Dataset extract.
....

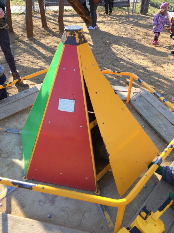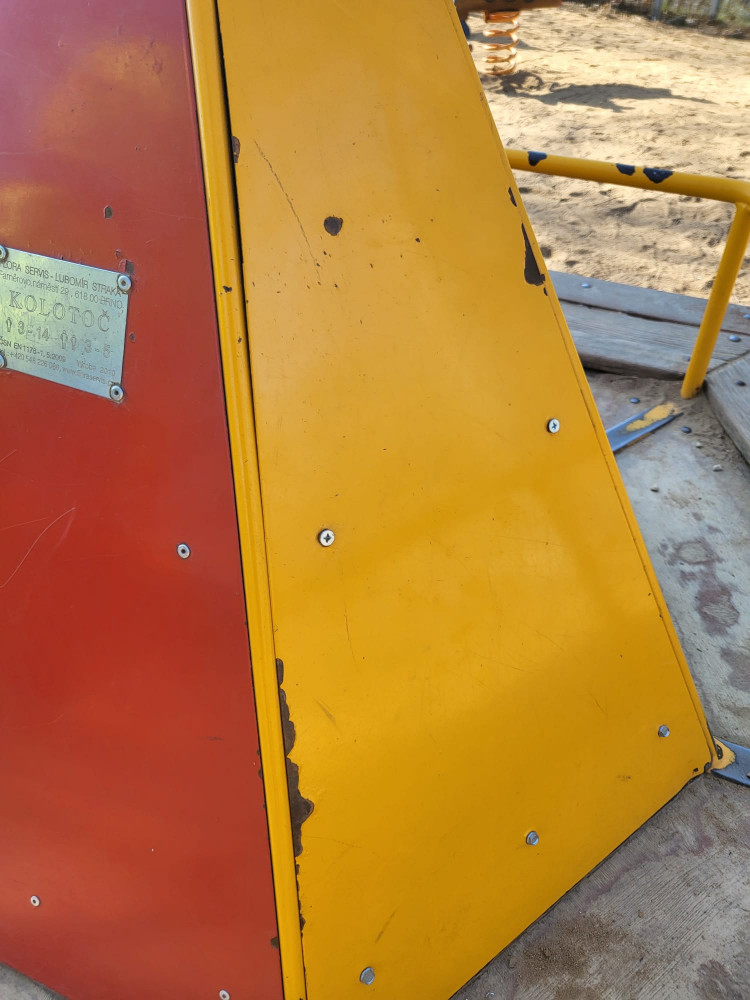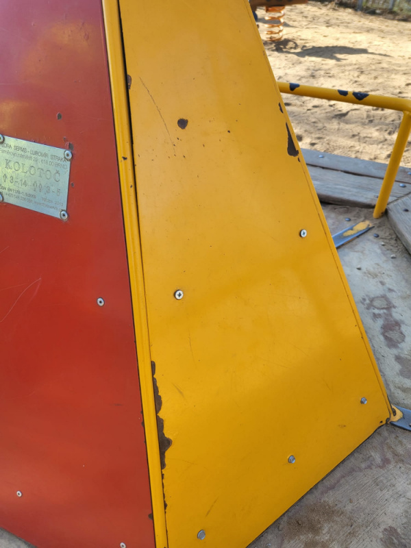 Rozbity kolotoc,tkanina na piskovisti,chtelo by dosypat pisek
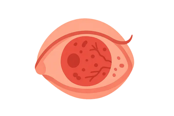 - Ischemia in the retina triggers the growth of **new blood vessels** on the iris and in the angle of the eye, obstructing aqueous outflow and raising intraocular pressure.
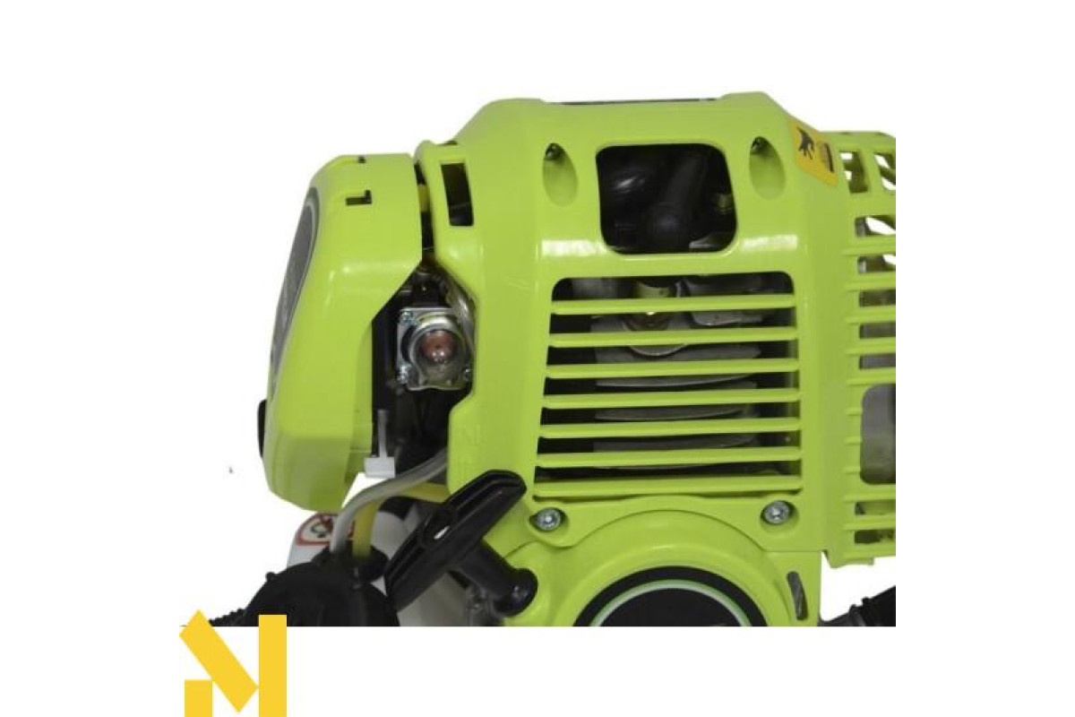 Надійна і економічна мотокоса з 4-тактним бензиновим двигуном. Відрізняється хорошою комплектацією і підвищеною екологічністю (на відміну від двотактних двигунів внутрішнього згоряння чотиритактні мотори дають менш токсичний вихлоп). Виробником позиціонується як продукт середньої цінової категорії, призначений для догляду за садовими / прибудинковими територіями зі складним рельєфом і непростою геометрією. Здатний ефективно працювати в умовах, коли використання колісних газонокосарок неможливо. Завдяки компактним розмірам і відмінною маневреності, ідеально підходить для покосу поблизу стін будівель, парканів, бордюрів, навколо опор і дерев, між чагарниками і т.п. Непогано справляється зі значними обсягами робіт, пристосований для тривалої безперервної експлуатації. Якісний двигун об'ємом 38 куб. см забезпечує чималу потужність 3,8 к.с. (2,8 кВт), при необхідності швидко набирає обертів і видає пристойний крутний момент. Завдяки економічності цієї силової установки, невеликого бензобака ємністю 0,65 л досить для виконання значного обсягу роботи без дозаправки. Комплектується трмерною головкою з напівавтоматичною подачею корду, трилопатевим сталевим ножем 3Т і дисковим ножем-фрезером 40Т для зрізання жорсткої чагарникової порослі та навіть молодих дерев. Збалансована конструкція, низький рівень вібрації і ранцевий ремінь роблять роботу максимально комфортною.

....

Exercise directions. From the first line to the last, give the data again exactly, but without pictures.

Exercise response.
 Rozbity kolotoc,tkanina na piskovisti,chtelo by dosypat pisek
 - Ischemia in the retina triggers the growth of **new blood vessels** on the iris and in the angle of the eye, obstructing aqueous outflow and raising intraocular pressure.
 Надійна і економічна мотокоса з 4-тактним бензиновим двигуном. Відрізняється хорошою комплектацією і підвищеною екологічністю (на відміну від двотактних двигунів внутрішнього згоряння чотиритактні мотори дають менш токсичний вихлоп). Виробником позиціонується як продукт середньої цінової категорії, призначений для догляду за садовими / прибудинковими територіями зі складним рельєфом і непростою геометрією. Здатний ефективно працювати в умовах, коли використання колісних газонокосарок неможливо. Завдяки компактним розмірам і відмінною маневреності, ідеально підходить для покосу поблизу стін будівель, парканів, бордюрів, навколо опор і дерев, між чагарниками і т.п. Непогано справляється зі значними обсягами робіт, пристосований для тривалої безперервної експлуатації. Якісний двигун об'ємом 38 куб. см забезпечує чималу потужність 3,8 к.с. (2,8 кВт), при необхідності швидко набирає обертів і видає пристойний крутний момент. Завдяки економічності цієї силової установки, невеликого бензобака ємністю 0,65 л досить для виконання значного обсягу роботи без дозаправки. Комплектується трмерною головкою з напівавтоматичною подачею корду, трилопатевим сталевим ножем 3Т і дисковим ножем-фрезером 40Т для зрізання жорсткої чагарникової порослі та навіть молодих дерев. Збалансована конструкція, низький рівень вібрації і ранцевий ремінь роблять роботу максимально комфортною.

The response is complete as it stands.